With pictures omitted, copy exactly every line from the one that contains "Tem de estar" to the end of the listing below.

#### PROVIDED MATERIAL
◇ ◇ ◇
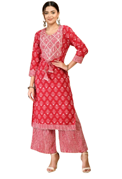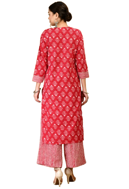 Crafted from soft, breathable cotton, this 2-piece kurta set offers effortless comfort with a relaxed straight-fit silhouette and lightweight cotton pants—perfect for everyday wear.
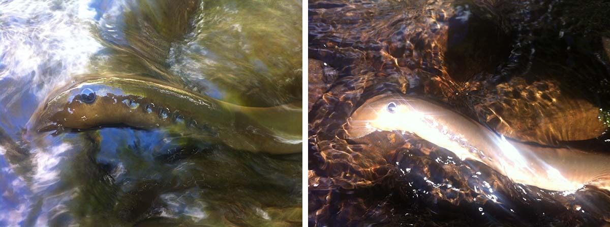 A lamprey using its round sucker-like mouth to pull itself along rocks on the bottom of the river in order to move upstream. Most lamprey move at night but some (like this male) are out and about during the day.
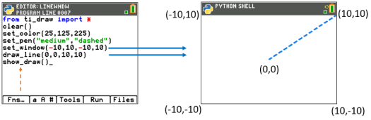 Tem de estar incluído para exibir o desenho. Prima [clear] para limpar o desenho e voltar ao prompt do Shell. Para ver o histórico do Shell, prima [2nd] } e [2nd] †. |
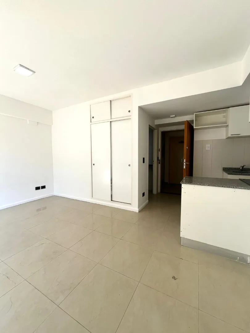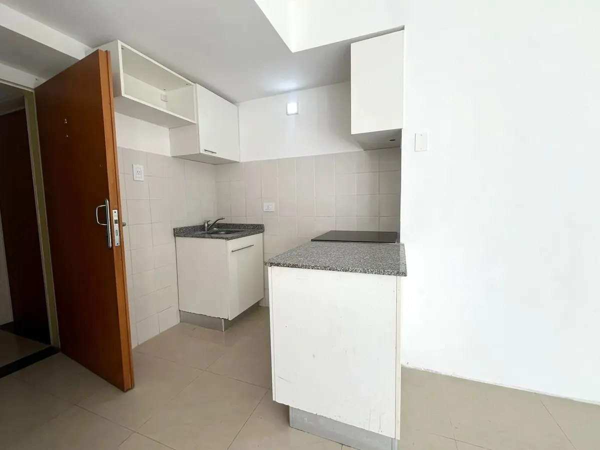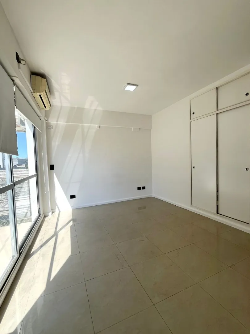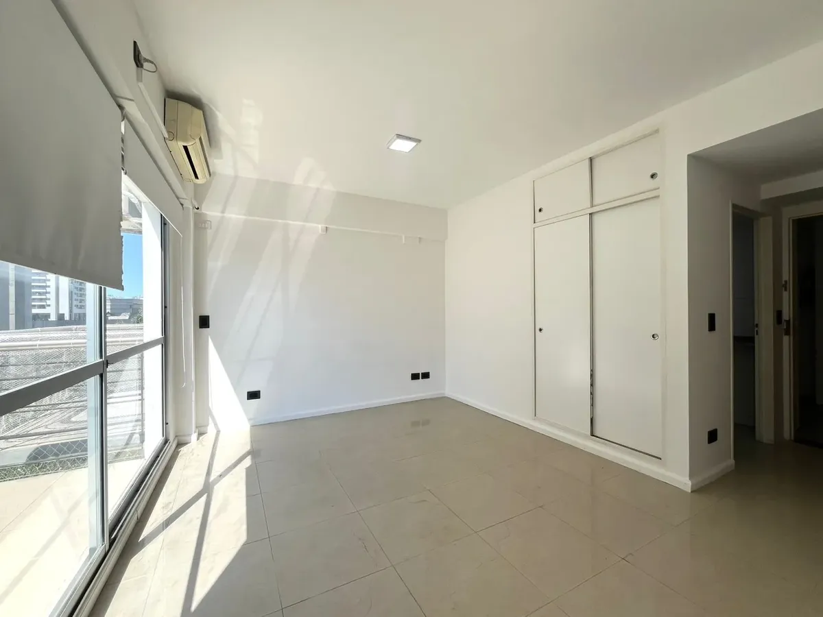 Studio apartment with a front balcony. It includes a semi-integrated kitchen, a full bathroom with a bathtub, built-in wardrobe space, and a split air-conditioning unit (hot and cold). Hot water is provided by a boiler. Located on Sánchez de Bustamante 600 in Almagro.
◇ ◇ ◇
#### WRITTEN REPLY
 Tem de estar incluído para exibir o desenho. Prima [clear] para limpar o desenho e voltar ao prompt do Shell. Para ver o histórico do Shell, prima [2nd] } e [2nd] †. |
 Studio apartment with a front balcony. It includes a semi-integrated kitchen, a full bathroom with a bathtub, built-in wardrobe space, and a split air-conditioning unit (hot and cold). Hot water is provided by a boiler. Located on Sánchez de Bustamante 600 in Almagro.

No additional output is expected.